DNS - tempo de resposta do servidor recursivo
Tempo máximo de 80 milissegundos

DNS - obediência ao campo TTL
Servidor recursivo deve obedecer ao campo TTL

DNS - resposta a uma consulta a um endereço inexistente
Servidor recursivo deve responder que o endereço é inexistente

DNS - possibilidade de consulta ao servidor autoritativo
O cliente deve receber uma resposta à consulta

DNS - possibilidade de consulta ao servidor autoritativo
Deve ser verificado no log do servidor autoritativo que houve consulta do cliente, permitindo verificar que não existe um proxy DNS transparente na rede

Tempo de Instalação do Serviço - 7 (sete) dias

Tempo de cancelamento do serviço - Período máximo de 30 dias.

Sunday, 9 May 2010

‘Internet a 512 kbps não é banda larga’, diz especialista

O professor da Universidade Federal do ABC e presidente da Casa de Cultura Digital, Sérgio Amadeu da Silveira, criticou a velocidade de internet prevista no Plano Nacional de Banda Larga (PNBL) para a tarifa de R$ 35. Segundo ele, é possível ter velocidade maior de download a preço baixo. “Banda larga de 512 kbps não é banda larga. Podemos chegar a 1 mega com preços acessíveis”, criticou

O PNLB prevê tarifa de R$ 15 para o plano com incentivos, com velocidade de até 512 kbps (quilobits por segundo) e com limitação de downloads, e de R$ 35 para o plano comum, com velocidade entre 512 e 784 kbps. Atualmente o brasileiro paga em média R$ 50 pela banda larga com velocidade de 256 kbps.

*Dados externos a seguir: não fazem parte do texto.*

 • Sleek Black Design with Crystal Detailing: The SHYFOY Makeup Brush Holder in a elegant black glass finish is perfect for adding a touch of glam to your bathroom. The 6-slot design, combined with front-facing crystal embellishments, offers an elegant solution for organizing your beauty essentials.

O secretário de Logística e Tecnologia da Informação do Ministério do Planejamento, Rogério Santanna, explicou que, pelos cálculos do governo, a tarifa reduzida só pode ser concretizada com velocidade de até 784 kpbs.

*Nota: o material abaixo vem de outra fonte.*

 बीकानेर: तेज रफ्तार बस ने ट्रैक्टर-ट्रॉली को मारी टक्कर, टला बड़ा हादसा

“O que estamos dizendo é que o pacote mais barato é de R$ 35. Não estamos dizendo que não vai ter pacote mais rápido, só que não vai custar R$ 35. Se você tiver R$ 50 para gastar, provavelmente passa a ter 2 megas, 3 megas”, disse. Santanna afirmou, no entanto, que será possível ampliar a velocidade da banda larga depois de cumprida a meta de universalização do serviço.

“Uma das coisas em que vamos investir é o acesso de alta velocidade, mas nossa meta nesse momento é aumentar a cobertura e servir um conjunto maior de pessoas. Mas não há nenhum óbice à internet rápida, muito pelo contrário”, disse

Telefone com internet
O coordenador do Programa de Inclusão Digital do governo, Cezar Alvarez, disse que uma das expectativas do PNBL é ampliar o acesso à internet por telefones. Segundo ele, o pacote de R$ 15 é destinado, principalmente, a empresas de telefonia de tecnologia 3G.

“Apostamos fortemente na mobilidade. Essa é a proposta para quem for oferecer no mercado serviço de qualidade, mas com limites de download”, disse.

Questionado se existe previsão de programas governamentais de incentivo à compra de computadores ou celulares, Alvarez disse que os projetos já existentes são suficientes para o acesso a internet a 40 milhões de domicílios em 2014.

Ele ressaltou que o Brasil é o terceiro maior mercado de computadores. Entre as políticas públicas para o acesso a equipamentos eletrônicos, Alvarez destacou a desoneração de impostos para a compra de equipamentos por varejistas, juros subsidiados do Banco Nacional de Desenvolvimento Social e Econômico (BNDES), também, aos varejistas.